YOUR GOAL:
All that is wanted is the exact lines from the one with "Cincinnati Reds photo" through the last line of the entries, with both ends kept and every picture left out.

Items from a data source

Start of Block

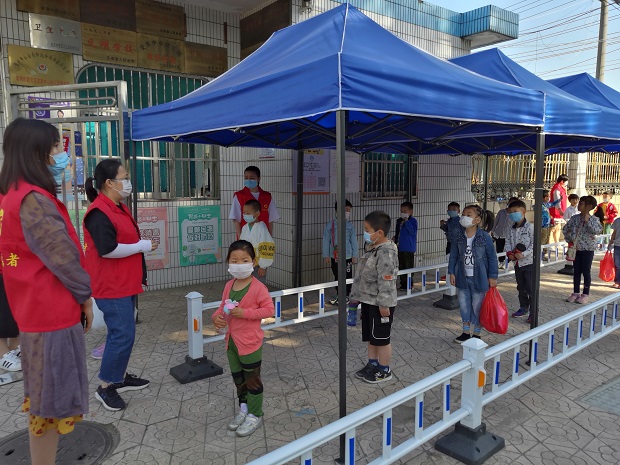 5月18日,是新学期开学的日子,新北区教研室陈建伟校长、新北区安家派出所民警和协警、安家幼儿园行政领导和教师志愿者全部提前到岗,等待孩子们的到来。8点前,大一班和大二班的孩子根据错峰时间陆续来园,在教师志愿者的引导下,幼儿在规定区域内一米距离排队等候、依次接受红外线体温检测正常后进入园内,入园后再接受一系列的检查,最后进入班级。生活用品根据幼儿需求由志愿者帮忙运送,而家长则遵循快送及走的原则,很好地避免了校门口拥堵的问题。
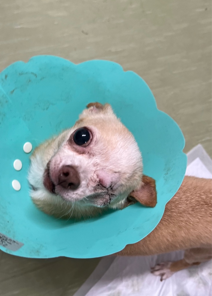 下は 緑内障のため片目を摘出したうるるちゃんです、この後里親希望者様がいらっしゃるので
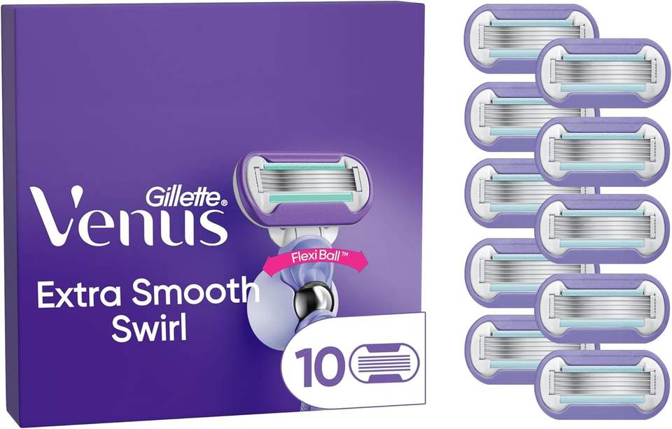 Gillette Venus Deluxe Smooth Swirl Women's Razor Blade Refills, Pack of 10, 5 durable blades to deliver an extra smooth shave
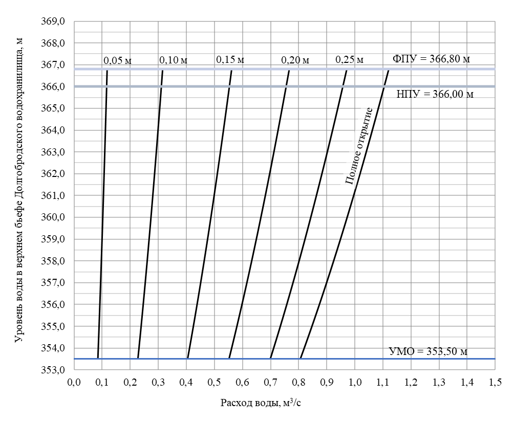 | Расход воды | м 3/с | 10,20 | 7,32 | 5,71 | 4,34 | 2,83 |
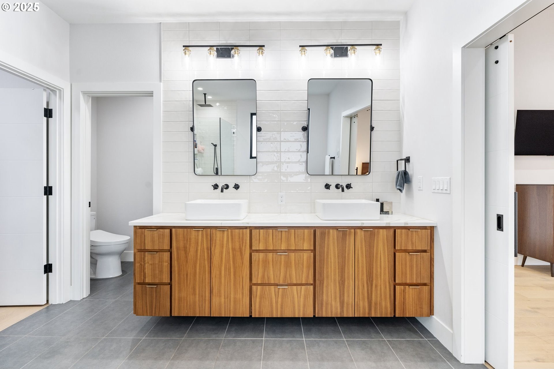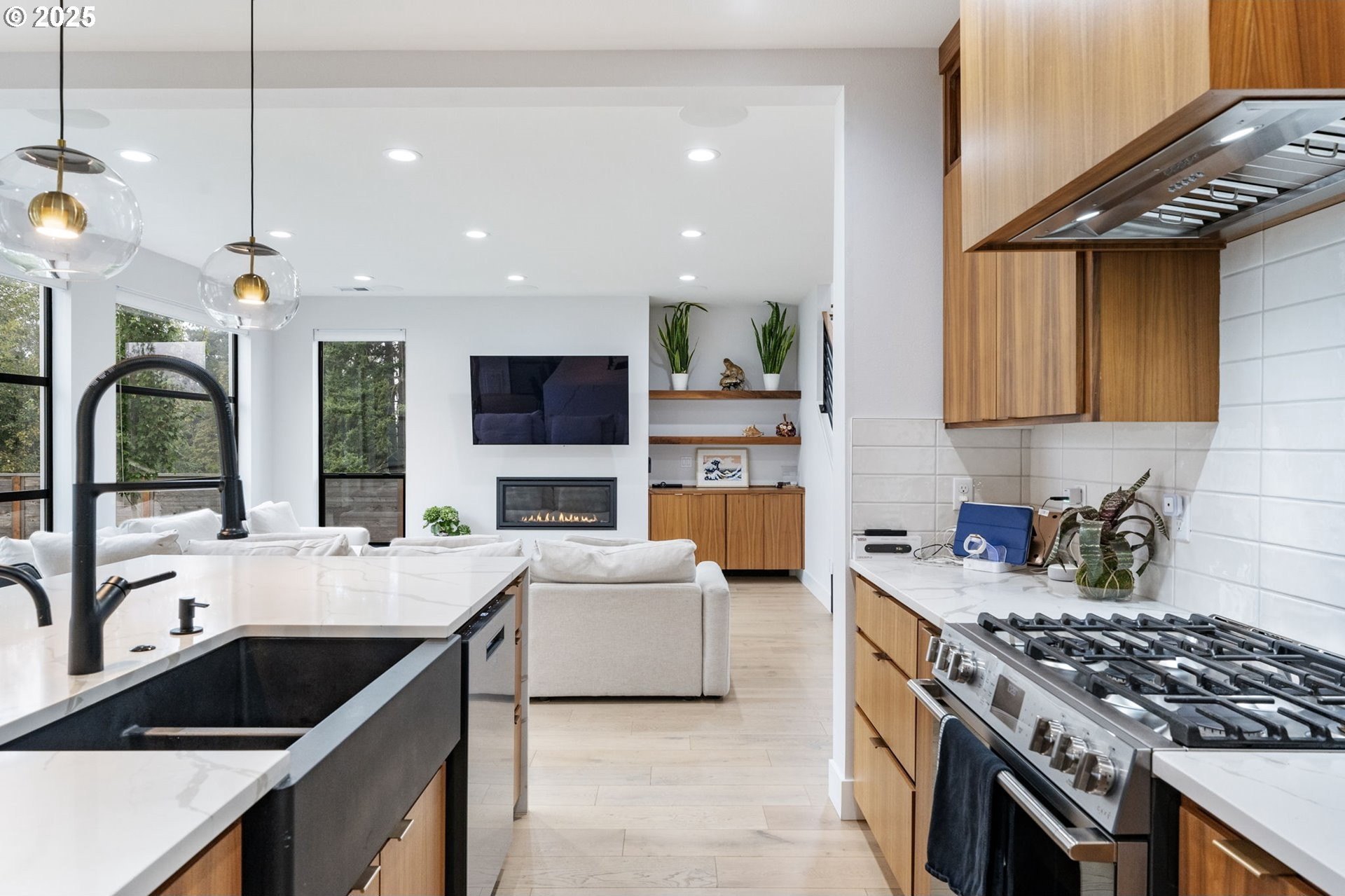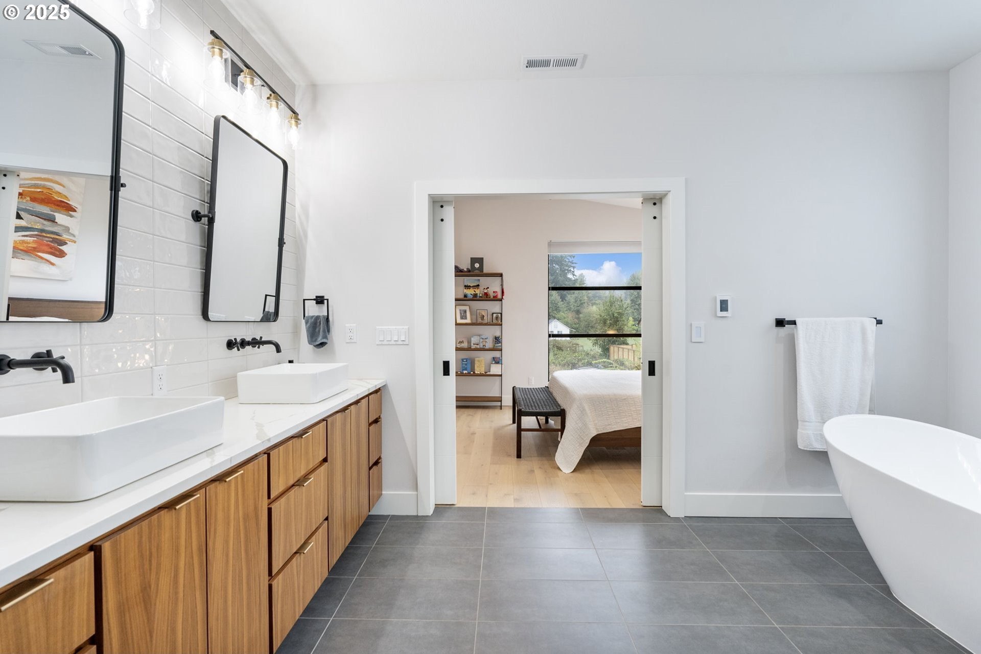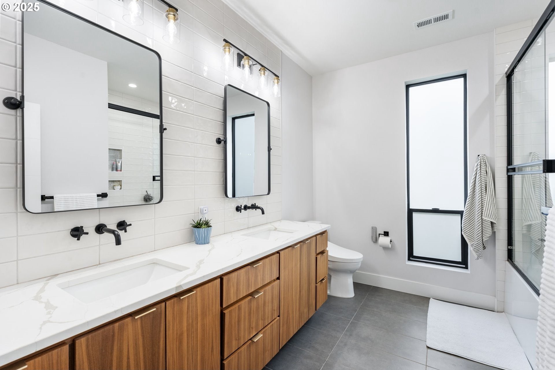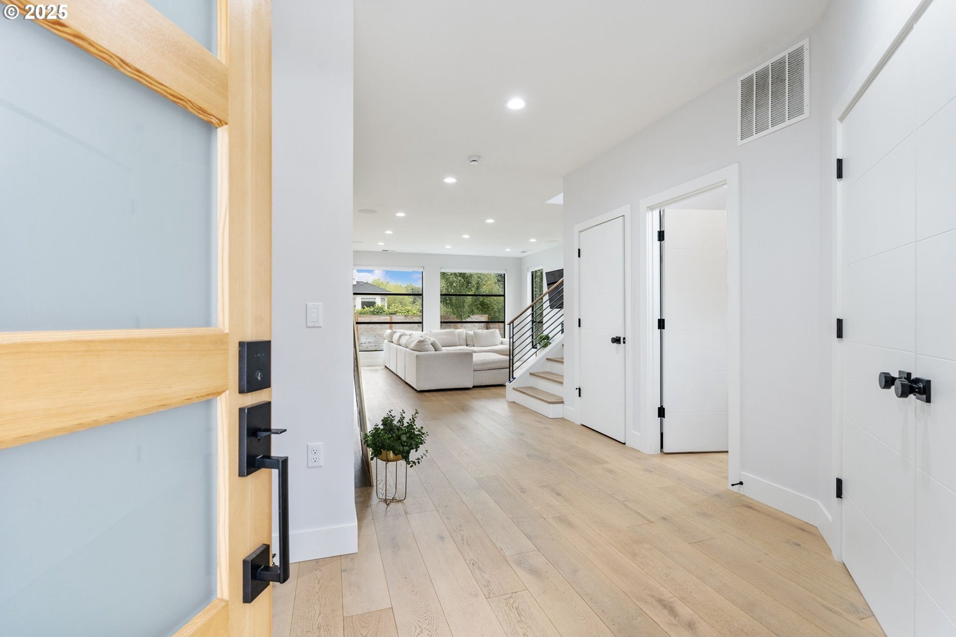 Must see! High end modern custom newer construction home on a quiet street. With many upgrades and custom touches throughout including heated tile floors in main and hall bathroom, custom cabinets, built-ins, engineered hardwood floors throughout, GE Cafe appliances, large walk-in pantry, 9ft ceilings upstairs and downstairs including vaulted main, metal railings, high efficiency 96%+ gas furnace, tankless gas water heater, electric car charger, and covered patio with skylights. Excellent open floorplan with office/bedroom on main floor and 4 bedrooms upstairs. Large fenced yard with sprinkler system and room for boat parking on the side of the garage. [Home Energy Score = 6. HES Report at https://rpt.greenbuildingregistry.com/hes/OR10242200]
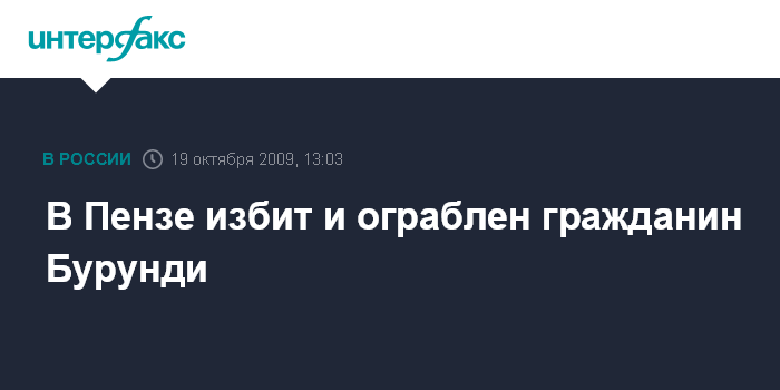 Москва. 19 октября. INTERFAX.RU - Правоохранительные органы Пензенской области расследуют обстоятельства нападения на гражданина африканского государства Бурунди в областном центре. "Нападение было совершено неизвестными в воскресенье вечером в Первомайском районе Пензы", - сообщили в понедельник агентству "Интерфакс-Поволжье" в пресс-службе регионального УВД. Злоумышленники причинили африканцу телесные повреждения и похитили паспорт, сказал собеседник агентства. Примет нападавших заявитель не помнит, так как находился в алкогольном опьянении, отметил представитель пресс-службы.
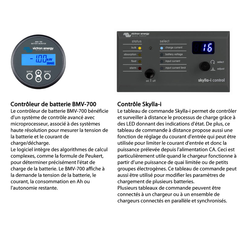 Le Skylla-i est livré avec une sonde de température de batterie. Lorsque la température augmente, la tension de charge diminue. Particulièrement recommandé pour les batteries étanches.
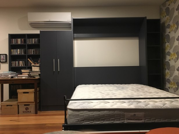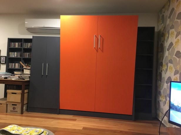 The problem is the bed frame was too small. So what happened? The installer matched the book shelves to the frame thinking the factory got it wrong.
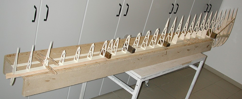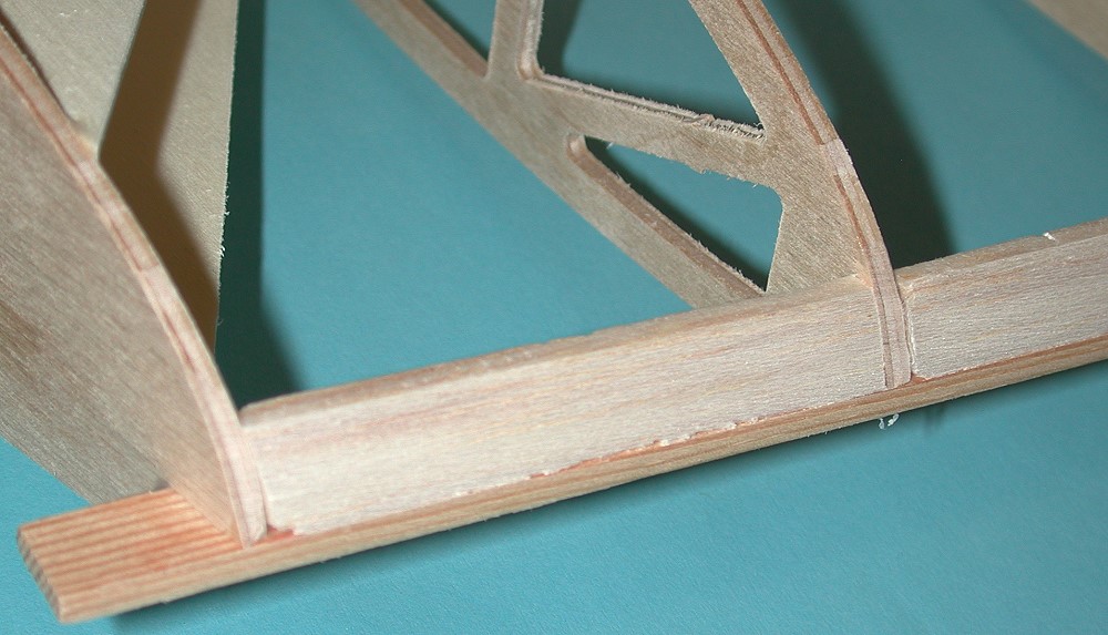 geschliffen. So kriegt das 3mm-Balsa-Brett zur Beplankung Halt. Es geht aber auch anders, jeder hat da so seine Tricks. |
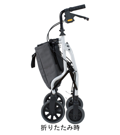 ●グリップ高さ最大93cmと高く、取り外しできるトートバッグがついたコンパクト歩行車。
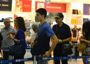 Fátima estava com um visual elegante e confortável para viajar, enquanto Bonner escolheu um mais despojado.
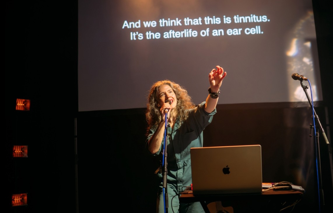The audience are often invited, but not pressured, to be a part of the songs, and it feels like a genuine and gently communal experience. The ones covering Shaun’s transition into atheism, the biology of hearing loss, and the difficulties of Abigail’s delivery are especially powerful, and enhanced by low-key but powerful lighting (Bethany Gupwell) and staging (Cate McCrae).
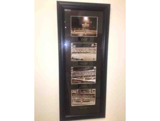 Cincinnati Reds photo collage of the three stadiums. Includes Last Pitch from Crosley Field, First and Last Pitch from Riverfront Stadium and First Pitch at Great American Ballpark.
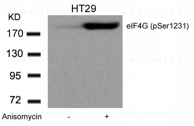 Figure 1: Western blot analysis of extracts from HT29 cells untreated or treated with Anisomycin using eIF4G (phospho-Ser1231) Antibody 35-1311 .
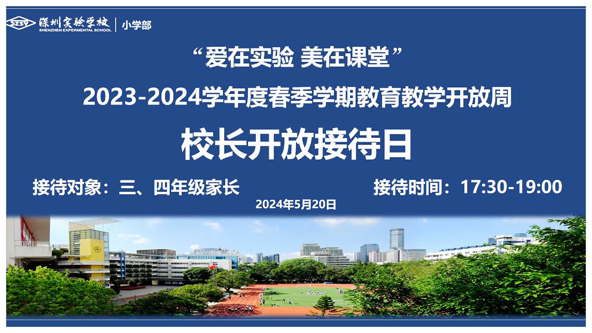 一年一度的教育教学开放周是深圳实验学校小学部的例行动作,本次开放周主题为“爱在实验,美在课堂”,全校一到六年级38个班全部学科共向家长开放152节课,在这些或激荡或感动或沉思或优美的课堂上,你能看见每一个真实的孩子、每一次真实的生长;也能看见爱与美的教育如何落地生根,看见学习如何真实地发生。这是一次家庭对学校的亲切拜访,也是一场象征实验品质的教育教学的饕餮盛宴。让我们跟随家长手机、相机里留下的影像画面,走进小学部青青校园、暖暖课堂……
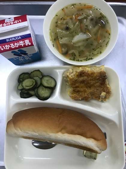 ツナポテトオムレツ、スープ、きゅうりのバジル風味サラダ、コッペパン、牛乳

End of Block

SOLUTION TO THE PROBLEM:
 Cincinnati Reds photo collage of the three stadiums. Includes Last Pitch from Crosley Field, First and Last Pitch from Riverfront Stadium and First Pitch at Great American Ballpark.
 Figure 1: Western blot analysis of extracts from HT29 cells untreated or treated with Anisomycin using eIF4G (phospho-Ser1231) Antibody 35-1311 .
 一年一度的教育教学开放周是深圳实验学校小学部的例行动作,本次开放周主题为“爱在实验,美在课堂”,全校一到六年级38个班全部学科共向家长开放152节课,在这些或激荡或感动或沉思或优美的课堂上,你能看见每一个真实的孩子、每一次真实的生长;也能看见爱与美的教育如何落地生根,看见学习如何真实地发生。这是一次家庭对学校的亲切拜访,也是一场象征实验品质的教育教学的饕餮盛宴。让我们跟随家长手机、相机里留下的影像画面,走进小学部青青校园、暖暖课堂……
 ツナポテトオムレツ、スープ、きゅうりのバジル風味サラダ、コッペパン、牛乳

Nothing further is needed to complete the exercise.